Si sta
come d'autunno
sugli alberi
le foglie.
come d'autunno
sugli alberi
le foglie.
Era questa la poesia che
insistentemente mi frullava in testa durante una delle mie recenti camminate nei dintorni del paese, ai margini di un bosco ormai
decisamente in abito autunnale. I versi della poesia erano solo quattro. Erano versi brevissimi ma che persistentemente si ripetevano
quasi ossessivamente nella mia mente. Erano versi che credevo dimenticati per sempre... Li pensavo solo come una indefinita e lontana
reminiscenza dei banchi di scuola che si era smarrita nei meandri della memoria. Ora quei versi ritornavano, riemergevano proprio ora... proprio
nell'ora del crepuscolo della bella stagione quando sugli alberi e sui
cespugli le foglie, con un ultimo vitale sussulto, si tingevano di
rosso, di arancione, di giallo per poi cadere al primo alito di
vento disperdendosi, morte, sulla terra umida.
Ma probabilmente questa poesia che Giuseppe Ungaretti scrisse in trincea nel 1918, era riaffrorata dall'intrico dei ricordi già prima, parecchio tempo prima, alla vista dei ruderi delle linee di fuoco sul fronte della Grande Guerra, durante le mie escursioni con l'amico di sempre nei dintorni del Passo del Tonale e in Val di Pejo.

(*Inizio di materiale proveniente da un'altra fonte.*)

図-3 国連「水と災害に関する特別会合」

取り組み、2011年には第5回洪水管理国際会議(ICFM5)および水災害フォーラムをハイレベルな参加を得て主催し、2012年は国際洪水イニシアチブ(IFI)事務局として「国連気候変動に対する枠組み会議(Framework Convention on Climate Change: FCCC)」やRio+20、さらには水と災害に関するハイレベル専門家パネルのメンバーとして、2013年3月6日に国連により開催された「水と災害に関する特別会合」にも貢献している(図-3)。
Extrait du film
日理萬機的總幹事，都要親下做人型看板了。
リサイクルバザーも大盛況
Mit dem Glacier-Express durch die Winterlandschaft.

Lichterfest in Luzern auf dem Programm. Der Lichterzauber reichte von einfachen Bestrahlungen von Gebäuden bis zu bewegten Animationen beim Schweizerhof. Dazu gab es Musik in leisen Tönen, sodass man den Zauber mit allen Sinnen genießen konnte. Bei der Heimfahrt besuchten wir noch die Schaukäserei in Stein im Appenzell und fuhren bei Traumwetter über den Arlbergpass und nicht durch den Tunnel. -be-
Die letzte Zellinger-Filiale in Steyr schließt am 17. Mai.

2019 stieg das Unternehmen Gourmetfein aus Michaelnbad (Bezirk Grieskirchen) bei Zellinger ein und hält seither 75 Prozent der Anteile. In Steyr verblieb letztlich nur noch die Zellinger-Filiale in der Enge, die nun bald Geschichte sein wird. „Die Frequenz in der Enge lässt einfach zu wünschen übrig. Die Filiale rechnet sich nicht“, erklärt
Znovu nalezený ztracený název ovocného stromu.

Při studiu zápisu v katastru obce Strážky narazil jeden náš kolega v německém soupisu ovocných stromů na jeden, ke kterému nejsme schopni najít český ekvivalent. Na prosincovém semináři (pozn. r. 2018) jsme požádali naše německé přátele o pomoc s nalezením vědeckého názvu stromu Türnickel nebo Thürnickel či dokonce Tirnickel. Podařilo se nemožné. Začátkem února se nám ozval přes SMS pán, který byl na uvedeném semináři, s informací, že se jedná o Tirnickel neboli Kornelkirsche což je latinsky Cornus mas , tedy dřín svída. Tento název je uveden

Nel bosco autunnale che ora stavo attraversando bastava una folata di vento per rubare le foglie agli alberi, per soffiarle via deponendole sulla terra bagnata nell'attesa che, più avanti, la neve le cancellasse per sempre, definitivamente. Proprio come cento anni fa, durante la Grande Guerra quando, in ben altro teatro, bastava una semplice folata di pallottole per disperdere i combattenti, per farli cadere rubando loro il respiro, per sempre, definitivamente.
Proprio così. In autunno è sufficiente un alito di vento per eliminare una foglia, analogamente, in guerra, basta un proiettile vagante per eliminare un sodato.
Soldati come precarie foglie d'autunno. Questa l'incerta condizione dei fanti in trincea nella brevissima ma intensa poesia di Ungaretti.
Ma non solo...
Camminando nel bosco d'ottobre, (quando gli alberi, pur addobbandosi a festa con abiti allegri e policromi, iniziavano a ritirarsi preparandosi al freddo invernale) pensavo al rapido avvicendarsi delle stagioni in natura e all'avvicinarsi della stagione morta. E inevitabilmente il pensiero cadeva anche sul succedersi delle stagioni nella mia vita... Pensavo al tempo che vola via e alla fine che inevitabilmente attende ognuno di noi, ogni essere umano.
E la composizione del Poeta mi ronzava sempre più in testa... con
i suoi taglienti versi che ora mi sembrava parlassero non
solo della situazione dei soldati in guerra ma anche di quella
di ogni persona, una condizione di costante incertezza, di totale precarietà... Non solo il soldato ma ogni uomo è simile ad una foglia autunnale, una
foglia che vive nell'insicurezza, nell'instabilità, una foglia che prima o poi una inattesa brezza staccherà dal ramo e quindi dalla vita.
Ma non solo...
Ora anche la sopravvivenza dell'umanità intera, forse la stessa "vita" sulla terra, mi apparivano precari come le foglie d'autunno sugli alberi del bosco che stavo attraversando. Un colpo di vento e le foglie sarebbero volate via.
Chissà... così potrebbe accadere anche a tutti noi, fragili ma presuntuosi abitanti di un minuscolo pianeta perso nell'universo. Un aggiuntivo soffio d'aria inquinata, altro gas serra in atmosfera e il delicato equilibrio ambientale della terra si potrebbe rompere compromettendo per sempre la nostra esistenza... definitivamente.
Catastrofismo? Può darsi... comunque è sempre bene rammentare i versi del Poeta: "Si sta / come d'autunno / sugli alberi / le foglie."